Voi vedete, Signori, che le mie osservazioni non tendono affatto a diminuire il valore della libertà politica. Io non traggo per niente dai fatti che vi ho dimostrato le conseguenze che altri ne traggono. Dal fatto che gli antichi fossero liberi, e che noi non possiamo più essere liberi come gli antichi, ne concludono che noi siamo destinati a essere schiavi. Essi vorrebbero costituire il nuovo stato sociale con un piccolo numero di elementi che affermano essere i soli adatti alla situazione del mondo attuale. Questi elementi sono dei pregiudizi per spaventare gli uomini, dell’egoismo per corromperli, della frivolezza per stordirli, dei piaceri volgari per degradarli, del dispotismo per guidarli, e, anche questo è necessario, delle conoscenze positive e delle scienze esatte per servire più avvedutamente il dispotismo. Sarebbe strano che questo fosse il risultato di quaranta secoli durante i quali il genere umano ha conquistato un numero sempre crescente di mezzi fisici e morali: io non posso pensarlo. Io traggo dalle differenze che ci distinguono dall’antichità delle conseguenze del tutto opposte. Non si tratta di indebolire la garanzia, ma di estendere il godimento. Non è alla libertà politica che voglio rinunciare; è la libertà civile che io reclamo, con altre forme di libertà politica. I governi non hanno più che in altre epoche il diritto di arrogarsi un potere illegittimo.

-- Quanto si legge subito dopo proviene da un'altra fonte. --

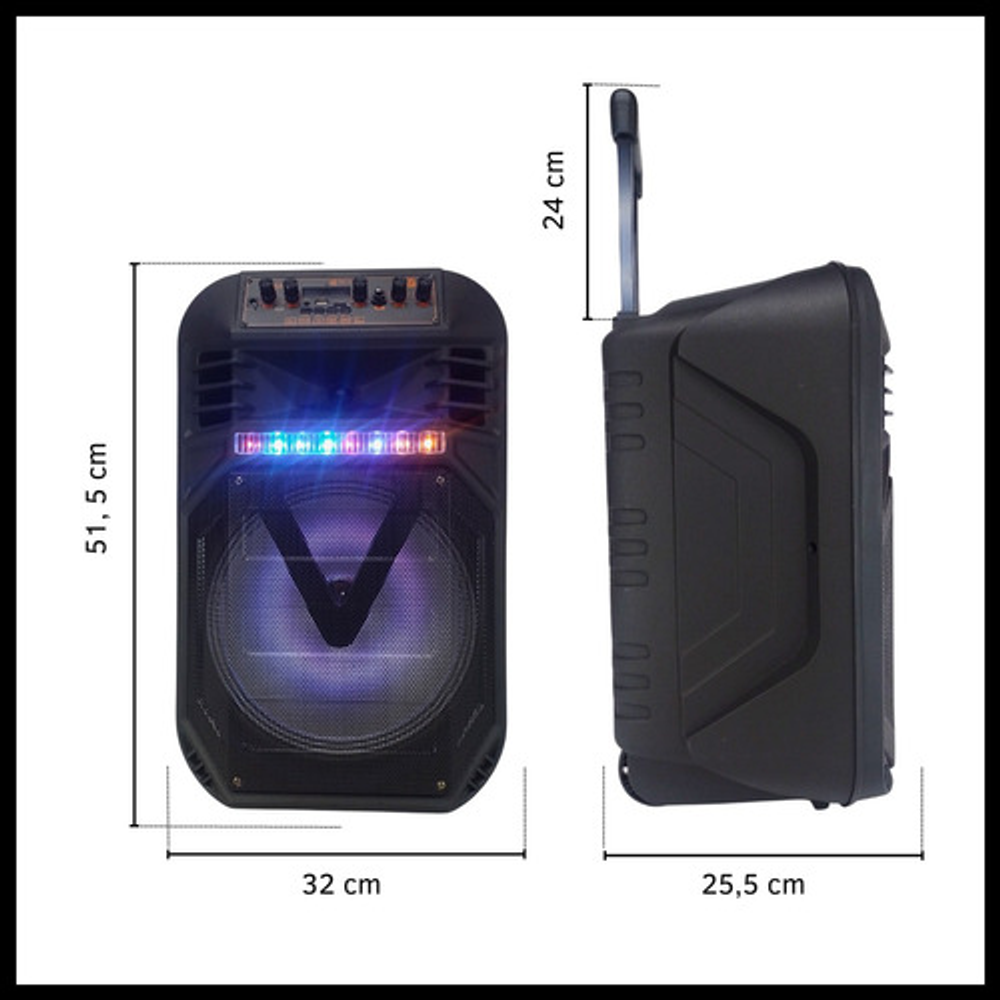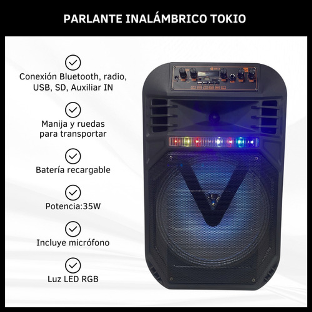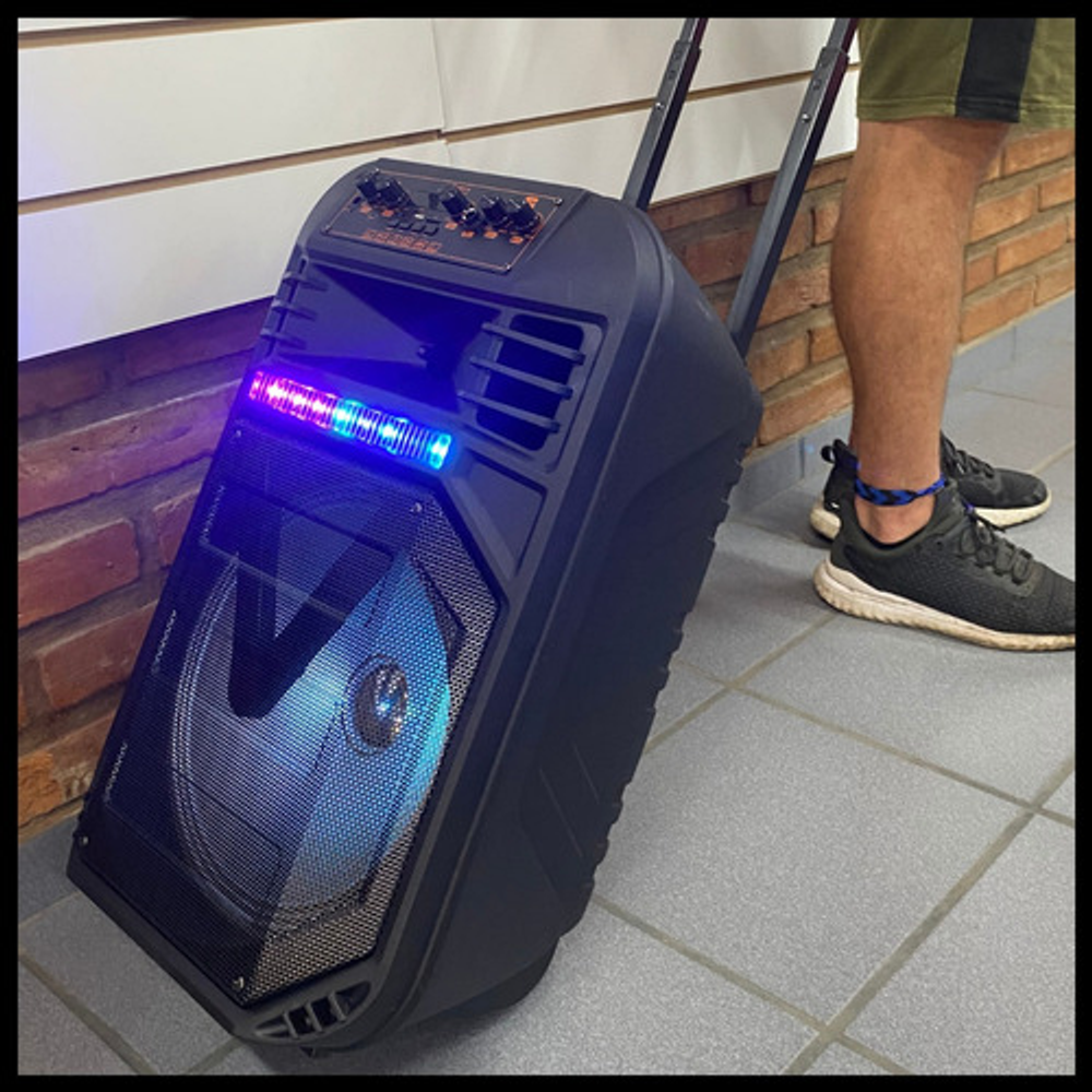 Características: • Conexión bluetooth, USB, SD y Aux IN. • Parlante con manija y ruedas para transportar. • Posee sistema TWS. • Batería recargable. • Potencia: 35W. • Incluye micrófono. • Radio FM. • Luces LED RGB.

Anzi, i governi che hanno una derivazione legittima hanno meno di una volta il diritto di esercitare sugli individui una supremazia arbitraria. Noi abbiamo ancora oggi i diritti che abbiamo sempre avuto, quei diritti eterni di dare il consenso alle leggi, di deliberare sui nostri interessi, di essere parte integrante del corpo sociale di cui siamo membri. Ma i governi hanno nuovi doveri; il progresso della civiltà, i cambiamenti operati attraverso i secoli, impongono all’autorità un rispetto maggiore per le abitudini, per gli affetti, per l’indipendenza degli individui.

Essa deve operare in tutte queste materie con mano più prudente e più leggera. []

Ne deriva che l’esistenza individuale è meno assorbita dall’esistenza politica. Gli individui portano assai lontano i propri tesori; con questi, essi si prendono tutti i piaceri della vita privata.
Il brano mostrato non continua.